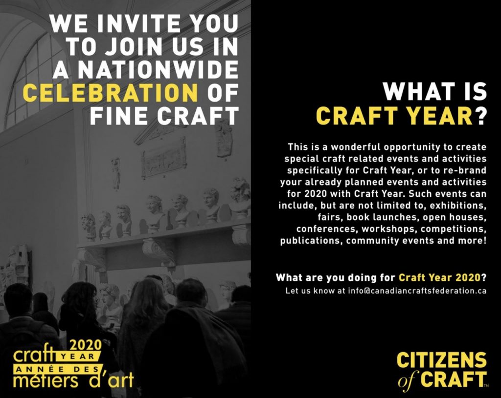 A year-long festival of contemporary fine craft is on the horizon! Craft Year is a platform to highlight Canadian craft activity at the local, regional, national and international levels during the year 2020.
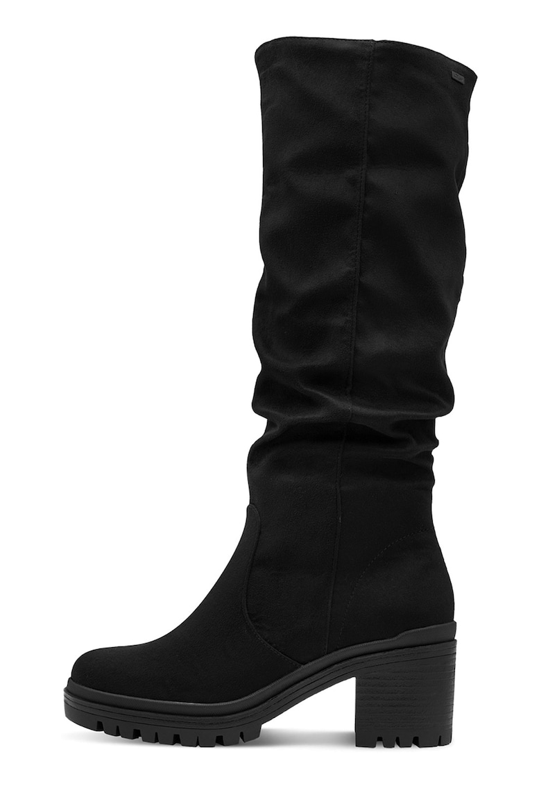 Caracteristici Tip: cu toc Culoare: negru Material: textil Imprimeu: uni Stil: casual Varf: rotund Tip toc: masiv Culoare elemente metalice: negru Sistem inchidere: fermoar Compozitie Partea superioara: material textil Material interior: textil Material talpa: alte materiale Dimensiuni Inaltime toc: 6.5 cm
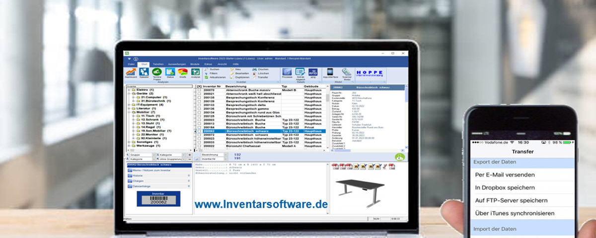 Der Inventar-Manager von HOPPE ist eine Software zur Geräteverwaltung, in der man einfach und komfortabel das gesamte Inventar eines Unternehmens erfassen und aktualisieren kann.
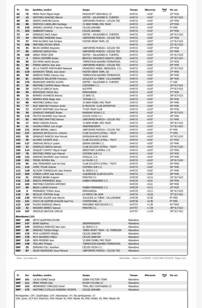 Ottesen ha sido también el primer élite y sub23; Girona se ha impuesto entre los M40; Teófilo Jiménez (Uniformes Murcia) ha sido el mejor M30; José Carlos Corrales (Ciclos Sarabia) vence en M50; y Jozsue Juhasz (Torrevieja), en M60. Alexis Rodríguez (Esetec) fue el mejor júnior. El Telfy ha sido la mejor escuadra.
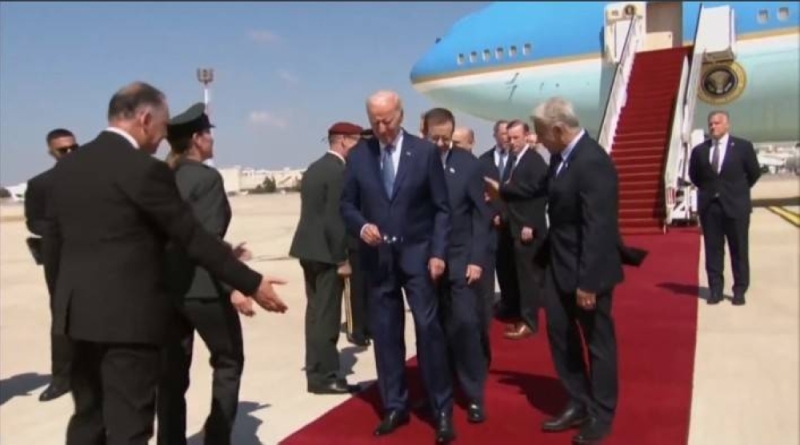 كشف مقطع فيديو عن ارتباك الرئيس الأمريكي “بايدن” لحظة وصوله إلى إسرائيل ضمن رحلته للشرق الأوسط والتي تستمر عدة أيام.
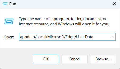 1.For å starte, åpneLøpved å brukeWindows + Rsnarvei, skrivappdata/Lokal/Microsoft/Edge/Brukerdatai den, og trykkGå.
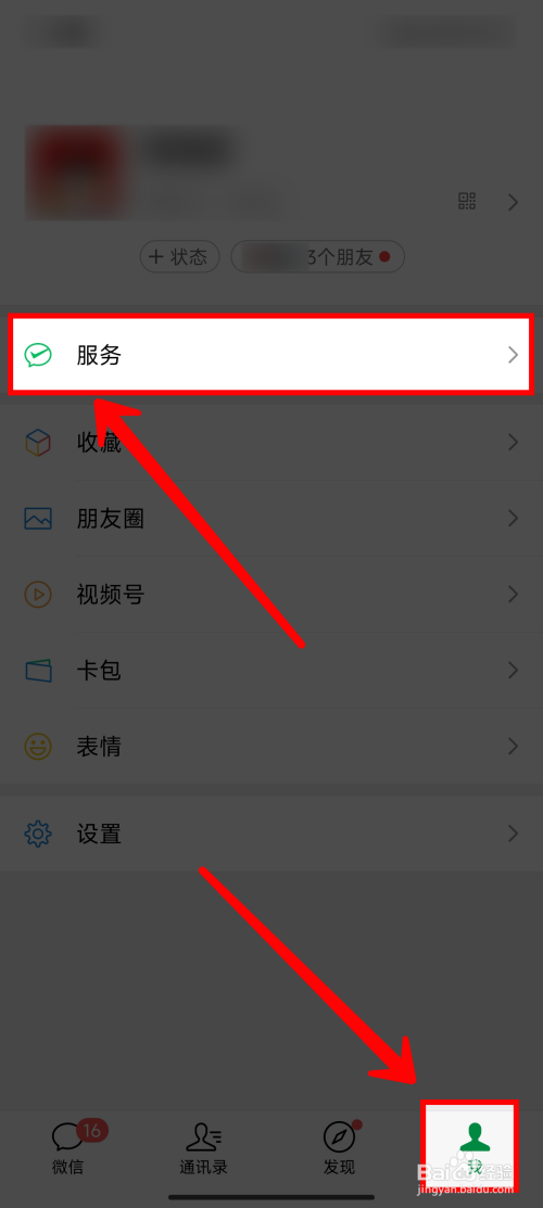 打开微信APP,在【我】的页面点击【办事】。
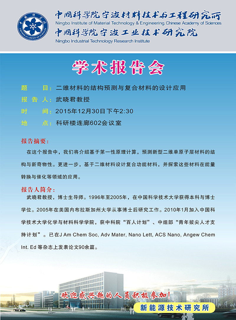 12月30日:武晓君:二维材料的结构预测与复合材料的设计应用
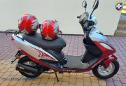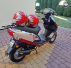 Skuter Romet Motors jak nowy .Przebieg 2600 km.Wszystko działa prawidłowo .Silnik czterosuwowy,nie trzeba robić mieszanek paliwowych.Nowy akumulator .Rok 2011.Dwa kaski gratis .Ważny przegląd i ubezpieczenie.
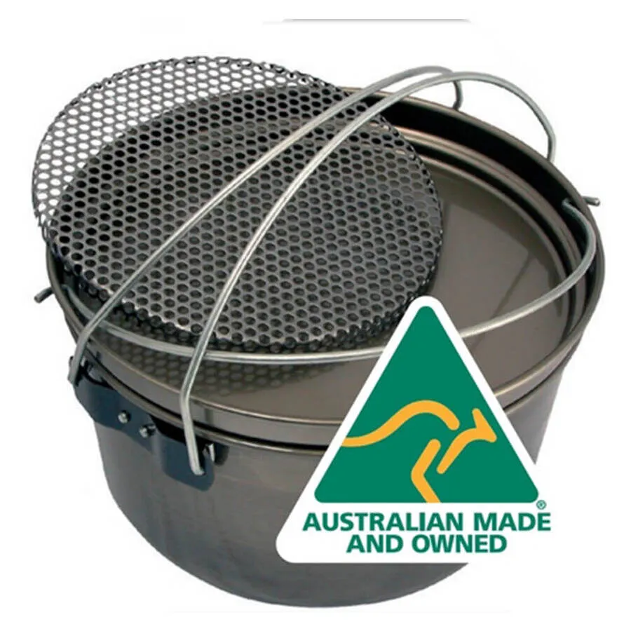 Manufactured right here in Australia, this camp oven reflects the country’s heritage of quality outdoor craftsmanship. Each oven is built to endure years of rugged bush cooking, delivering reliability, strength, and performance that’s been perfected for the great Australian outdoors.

++++++++++++++++++++

DESCRIPTION OF THE TASK: Among the entries above, take the lines from the one with "打开微信APP,在【我】的页面点击【办事】。" through the one with "Skuter Romet Motors" and retype them exactly, leaving out the pictures.

RESULT FOR THIS EXERCISE:
 打开微信APP,在【我】的页面点击【办事】。
 12月30日:武晓君:二维材料的结构预测与复合材料的设计应用
 Skuter Romet Motors jak nowy .Przebieg 2600 km.Wszystko działa prawidłowo .Silnik czterosuwowy,nie trzeba robić mieszanek paliwowych.Nowy akumulator .Rok 2011.Dwa kaski gratis .Ważny przegląd i ubezpieczenie.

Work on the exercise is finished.